5 thoughts on “Summer Reading List 2020”

    • I hear you. It’s tough when you have kids, a busy job, and creative endeavors to balance. For many years, especially when the kids were really little, I didn’t have a reading list at all. I made a special effort to get back to it, but it definitely comes at the cost of other things (like not spending as much time writing).

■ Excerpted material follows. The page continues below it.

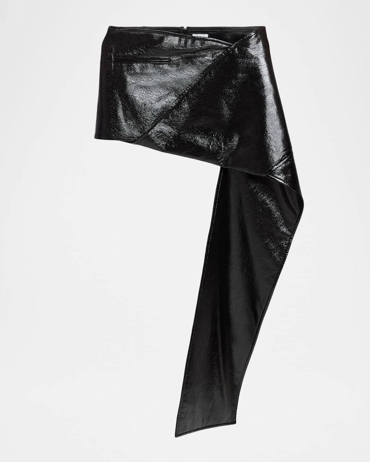 Courreges skirt is crafted of a shiny vinyl featuring a sidedraped panel Low waist Hip welt pocket Skirt falls straight from hip to hem Mini length Back zip Cotton/polyurethane/elastane Made in Romania

It helps that as the kids have gotten older, their activities facilitated my reading habit. If I’m spending the weekend camping with NeutronLad, I’m guaranteed to have time at night to do some reading. 🙂

      For me personally, I find listening to books helps, either on my commute or during my morning walk, but only if, ahem, I’m actually commuting somewhere or get up early enough to go for a walk. Adding “read a book” and “read a comic book” to my bullet journal habit tracker also helped. That’s particularly true of comic books – you’d think it wouldn’t that hard to read a comic book, since it takes, what, 10 minutes? 15? – but it’s an easy habit to fall out of.

      Speaking of reading, I’m looking forward to reading your new Zine of Wondrous Power! (https://www.kickstarter.com/projects/Highmoon/the-ioun-codex-zine-of-wondrous-power-03/).

      Hmmm … I should probably add an addendum to the reading list for all the zines and RPG books I’m reading this summer (I’m looking at you, DoubleZero – https://www.drivethrurpg.com/product/315592/DoubleZero-Core-Book)

      • I’ve made my peace at the moment with the tradeoff between reading and spending time with the girls and wife. I still work on getting writing done, but it’s more a bunch of small sessions than a long sit-down lately.

        Also, I hope you’ll like The Ioun Codex. Almost done!